ATC hands over Jinnah House attackers to military court | The Express Tribune


An anti-terrorism court (ATC) in Lahore ordered on Thursday to hand over those accused of attacking the corps commander’s house in Lahore’s Cantonment area to the army, whereby the military courts are to initiate trials against them.

In an unprecedented show of vandalism, PTI supporters had attacked and caused damage to the historic Corps’ Commander’s House — originally known as Jinnah House and which once served as the residence of the founding father of the nation, Quaid-e-Azam Muhammad Ali Jinnah — hours after the National Accountability Bureau (NAB) arrested Pakistan Tehreek-e-Insaf (PTI) chief Imran Khan in the Al-Qadir Trust corruption case on May 9.

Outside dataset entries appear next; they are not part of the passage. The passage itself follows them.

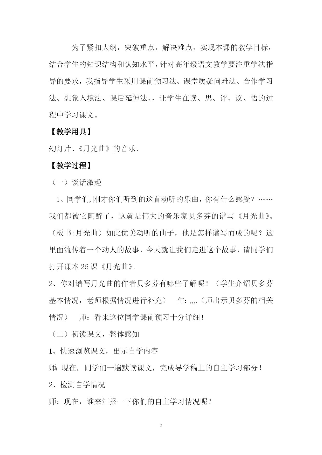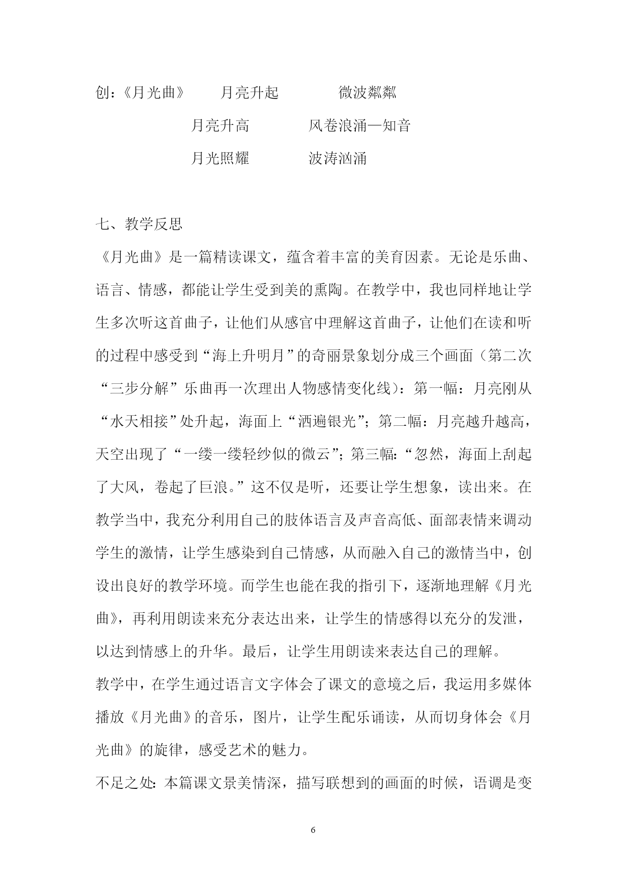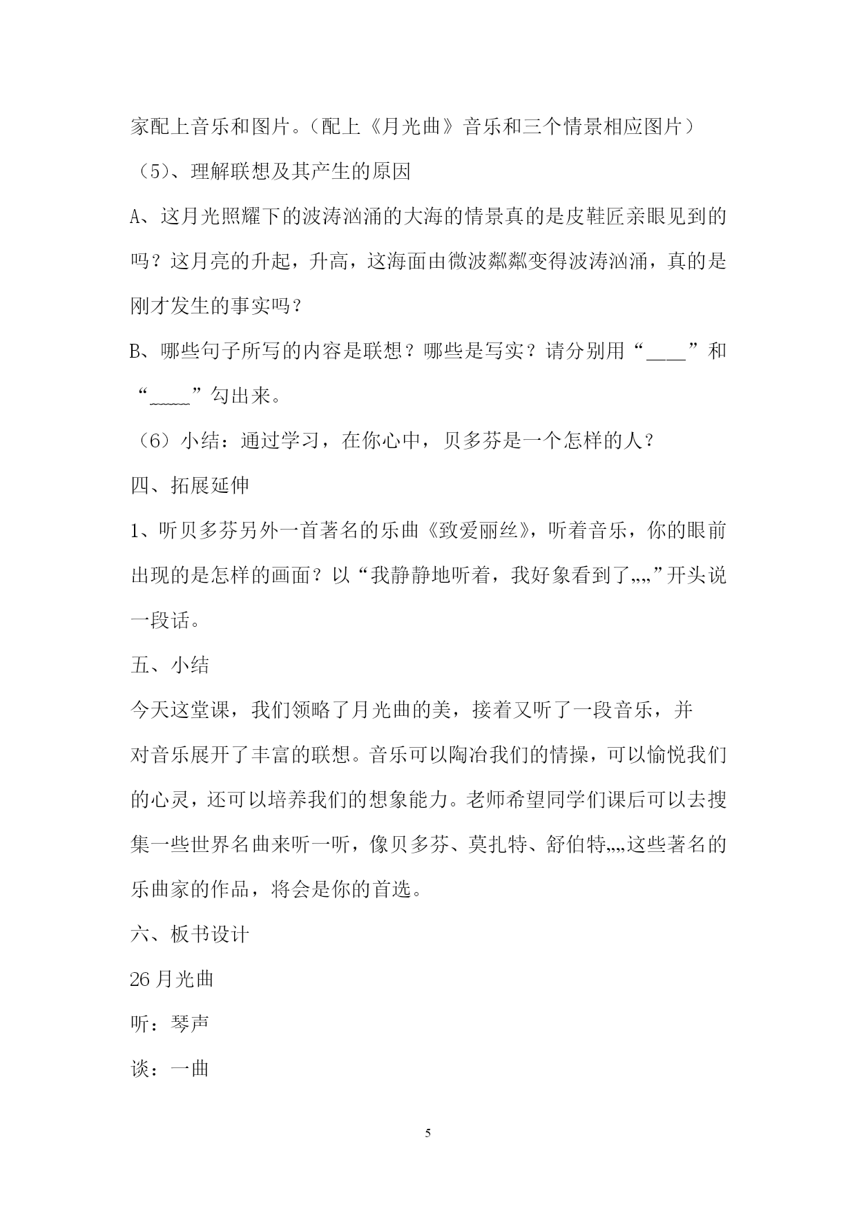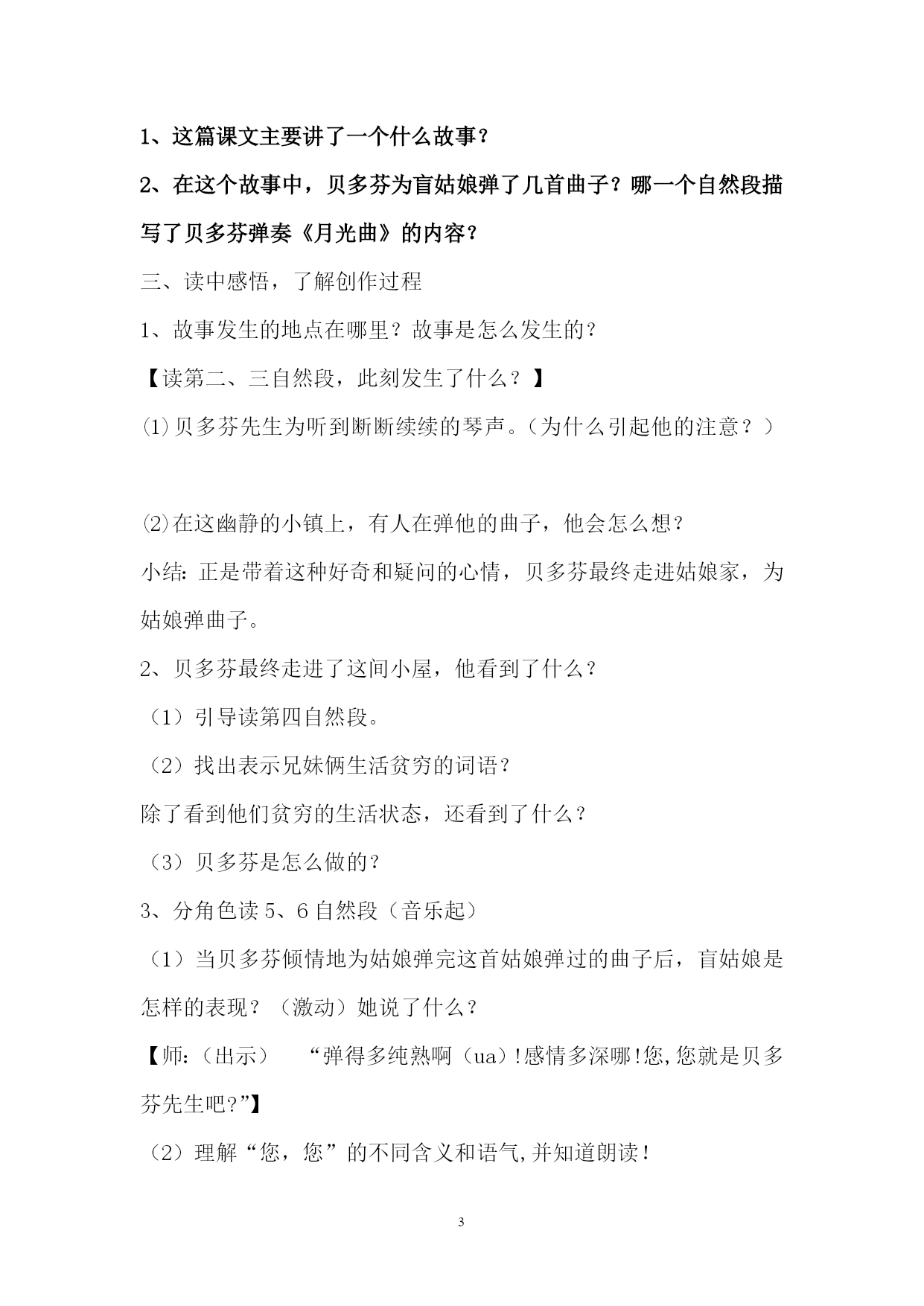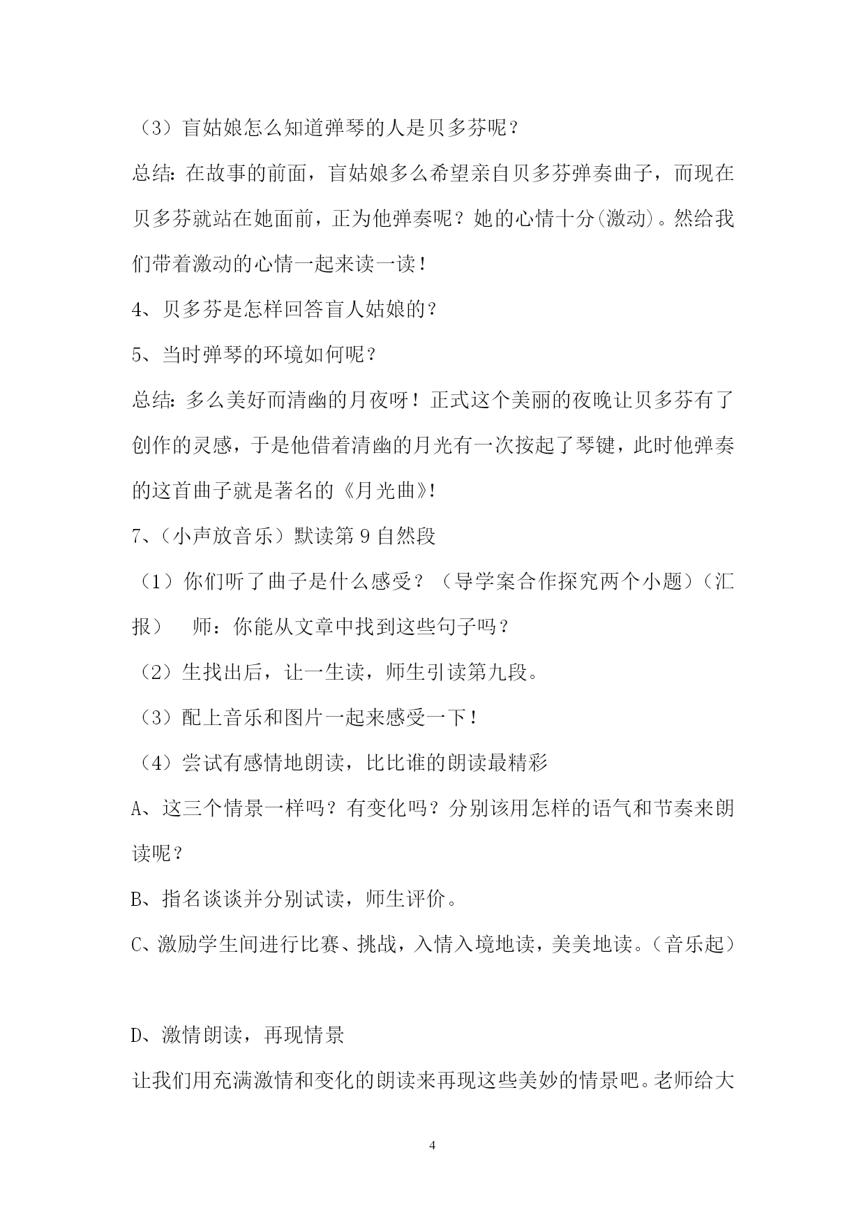 PAGEPAGE12月光曲教学设计【教学目标】知识与技能:1.学会本课生字,正确读写"幽静、纯熟、清幽、陶醉、霎时间、微波粼粼"等词语。2.有感情地朗读课文。3.体会写实和联想相结合的写法,初步学习在写实的过程中,展开适当的联想,发展学生的想象力和逻辑思维的能力。过程与方法:由音乐导入激发学生兴趣,发挥学生的主观能动性。导入设计——解题——整体感知——具体研习——课堂小结——当堂检测情感态度价值观:了解贝多芬创作《月光曲》的经过,体会音乐的魅力,体会贝多芬对劳苦人民的同情和爱,从而培养学生热爱人民的思想感情,并对学生进行美的教育。【教学重点】了解贝多芬是怎样创作《月光曲》的,感受乐曲所表现的意境,体会他所具有的卓越才华和对劳动人民的同情心。【教学难点】贝多芬感情变化的原因。初步学习分辨写实和联想相结合的写法,初步学习在写实的过程中,展开适当的联想。【教学方法】为了紧扣大纲,突破重点,解决难点,实现本课的教学目标,结合学生的知识结构和认知水平,针对高年级语文教学要注重学法指导的要求,我指导学生采用课前预习法、课堂质疑问难法、合作学习法、想象入境法、课后延伸法、,让学生在读、思、评、议、悟的过程中学习课文。【教学用具】幻灯片、《月光曲》的音乐、【教学过程】(一)谈话激趣1、同学们,刚才你们听到的这首动听的乐曲,你有什么感受?……我们都被它陶醉了,这就是伟大的音乐家贝多芬的谱写《月光曲》。(板书:月光曲)如此优美动听的曲子,他是怎样谱写而成的呢?这里面流传着一个动人的故事,今天就让我们走进这个故事,请同学们打开课本26课《月光曲》。2、你对谱写月光曲的作者贝多芬有哪些了解呢?(学生介绍贝多芬基本情况,老师根据情况进行补充)生:„„(师出示贝多芬的相关情况)师:看来这位同学课前预习十分详细!(二)初读课文,整体感知1、快速浏览课文,出示自学内容师:现在,同学们一遍默读课文,完成导学稿上的自主学习部分!2、检测自学情况师:现在,谁来汇报一下你们的自主学习情况呢?1、这篇课文主要讲了一个什么故事?2、在这个故事中,贝多芬为盲姑娘弹了几首曲子?哪一个自然段描写了贝多芬弹奏《月光曲》的内容?三、读中感悟,了解创作过程1、故事发生的地点在哪里?故事是怎么发生的?【读第二、三自然段,此刻发生了什么?】(1)贝多芬先生为听到断断续续的琴声。(为什么引起他的注意?)(2)在这幽静的小镇上,有人在弹他的曲子,他会怎么想?小结:正是带着这种好奇和疑问的心情,贝多芬最终走进姑娘家,为姑娘弹曲子。2、贝多芬最终走进了这间小屋,他看到了什么?(1)引导读第四自然段。(2)找出表示兄妹俩生活贫穷的词语?除了看到他们贫穷的生活状态,还看到了什么?(3)贝多芬是怎么做的?3、分角色读5、6自然段(音乐起)(1)当贝多芬倾情地为姑娘弹完这首姑娘弹过的曲子后,盲姑娘是怎样的表现?(激动)她说了什么?【师:(出示)“弹得多纯熟啊(ua)!感情多深哪!您,您就是贝多芬先生吧?”】(2)理解“您,您”的不同含义和语气,并知道朗读!(3)盲姑娘怎么知道弹琴的人是贝多芬呢?总结:在故事的前面,盲姑娘多么希望亲自贝多芬弹奏曲子,而现在贝多芬就站在她面前,正为他弹奏呢?她的心情十分(激动)。然给我们带着激动的心情一起来读一读!4、贝多芬是怎样回答盲人姑娘的?5、当时弹琴的环境如何呢?总结:多么美好而清幽的月夜呀!正式这个美丽的夜晚让贝多芬有了创作的灵感,于是他借着清幽的月光有一次按起了琴键,此时他弹奏的这首曲子就是著名的《月光曲》!7、(小声放音乐)默读第9自然段(1)你们听了曲子是什么感受?(导学案合作探究两个小题)(汇报)师:你能从文章中找到这些句子吗?(2)生找出后,让一生读,师生引读第九段。(3)配上音乐和图片一起来感受一下!(4)尝试有感情地朗读,比比谁的朗读最精彩A、这三个情景一样吗?有变化吗?分别该用怎样的语气和节奏来朗读呢?B、指名谈谈并分别试读,师生评价。C、激励学生间进行比赛、挑战,入情入境地读,美美地读。(音乐起)D、激情朗读,再现情景让我们用充满激情和变化的朗读来再现这些美妙的情景吧。老师给大家配上音乐和图片。(配上《月光曲》音乐和三个情景相应图片)(5)、理解联想及其产生的原因A、这月光照耀下的波涛汹涌的大海的情景真的是皮鞋匠亲眼见到的吗?这月亮的升起,升高,这海面由微波粼粼变得波涛汹涌,真的是刚才发生的事实吗?B、哪些句子所写的内容是联想?哪些是写实?请分别用“____”和“﹏﹏”勾出来。(6)小结:通过学习,在你心中,贝多芬是一个怎样的人?四、拓展延伸1、听贝多芬另外一首著名的乐曲《致爱丽丝》,听着音乐,你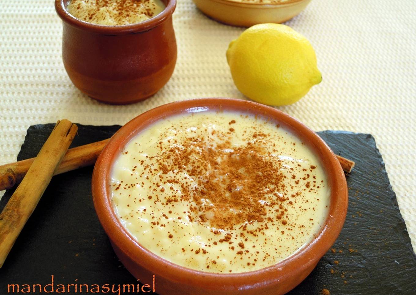 - Retira la canela y la corteza de limón, reparte el arroz en recipientes individuales y deja que se enfríe. Espolvorea con canela molida. Guarda en la nevera para que esté bien fresquito.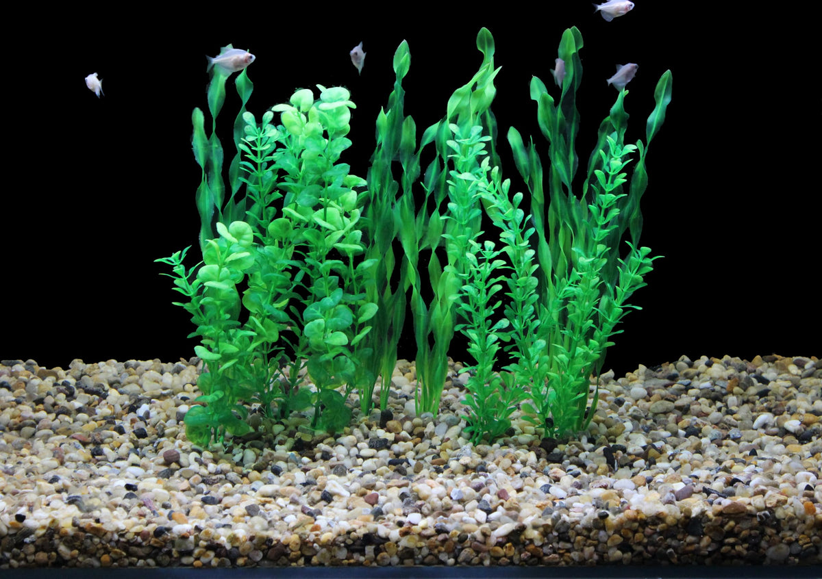 Decorated fish tank with green artificial plants to brighten your aquarium landscape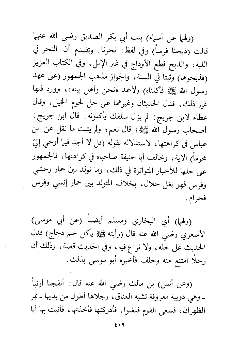 (ولهما عن أسماء) بنت أبي بكر الصديق رضي الله عنهما قالت: (ذبحنا فرسًا) وفي لفظ: نحرنا، وتقدم أن النحر في اللبة، والذبح قطع الأوداج في غير الإبل، وفي الكتاب العزيز {فَذَبَحُوهَا} وثبتا في السنة، والجواز مذهب الجمهور (على عهد رسول الله - صلى الله عليه وسلم - فأكلناه) ولأحمد "نحن وأهل بيته" وورد فيها غير ذلك، فدل الحديثان وغيرهما على حل لحوم الخيل، وقال عطاء لابن جريج: لم يزل سلفك يأكلونه، قال ابن جريج: أصحاب رسول الله - صلى الله عليه وسلم - قال: "نعم"؛ ولم يثبت ما نقل عن ابن عباس في كراهتها، لاستدلاله بقوله {قُلْ لَا أَجِدُ فِي مَا أُوحِيَ إِلَيَّ مُحَرَّمًا} الآية، وخالف أبا حنيفة صاحباه في كراهتها، فالجمهور على حلها للأخبار المتواترة في ذلك، وما تولد بين حمار وحشي وفرس فهو بغل حلال، بخلاف المتولد بين حمار إنسي وفرس فحرام.

The commanding officer had sought the custody of 16 accused of involvement in the attack which includes former MPA Mian Akram Usman.

According to the officer, the suspects have been found guilty under Sections 3,7 and 9 of the Official Secrets Act.

He maintained that the ATC has therefore, decided that they can be tried under the Army Act 1952.

Read Government adamant on cornering Imran Khan

As per the court’s verdict, the prosecution did not oppose the commander’s request and subsequently, the court ordered for all 16 accused persons to be remanded over to the officer.

According to sources, the accused include Ammar Zohaib, Ali Iftikhar, Ali Raza, Muhammad Arsalan, Muhammad Umair, Muhammad Rahim, Ziaur Rehman, Waqas Ali, Rais Ahmed, Faisal Arshad, Muhammad Bilal, Faheem Haider, Arzam Junaid, Mian Muhammad Akram Usman, Muhammad Hasher Khan and Hassan Shakir.

Meanwhile, the PTI chief has filed a petition with the Supreme Court (SC) urging it to take notice of the “undeclared martial law” in parts of the country and the ongoing aggressive crackdown on his party.

Imran, through his lawyer Hamid Khan, has requested the apex court to probe into the government’s decision to call “in the aid of the armed forces in the Federal Capital Territory, Punjab, Balochistan and Khyber-Pakhtunkhwa (K-P) in the purported exercise of powers under Article 245 of the Constitution”.

“The dictated exercise of this power by the federal cabinet in the absence of objective conditions for the exercise of that power is clearly violative of the fundamental rights,” the petition stated.

Imran also pleaded to the SC to appoint a commission led by a SC judge to probe the events surrounding his arrest on May 9 and subsequent incidents.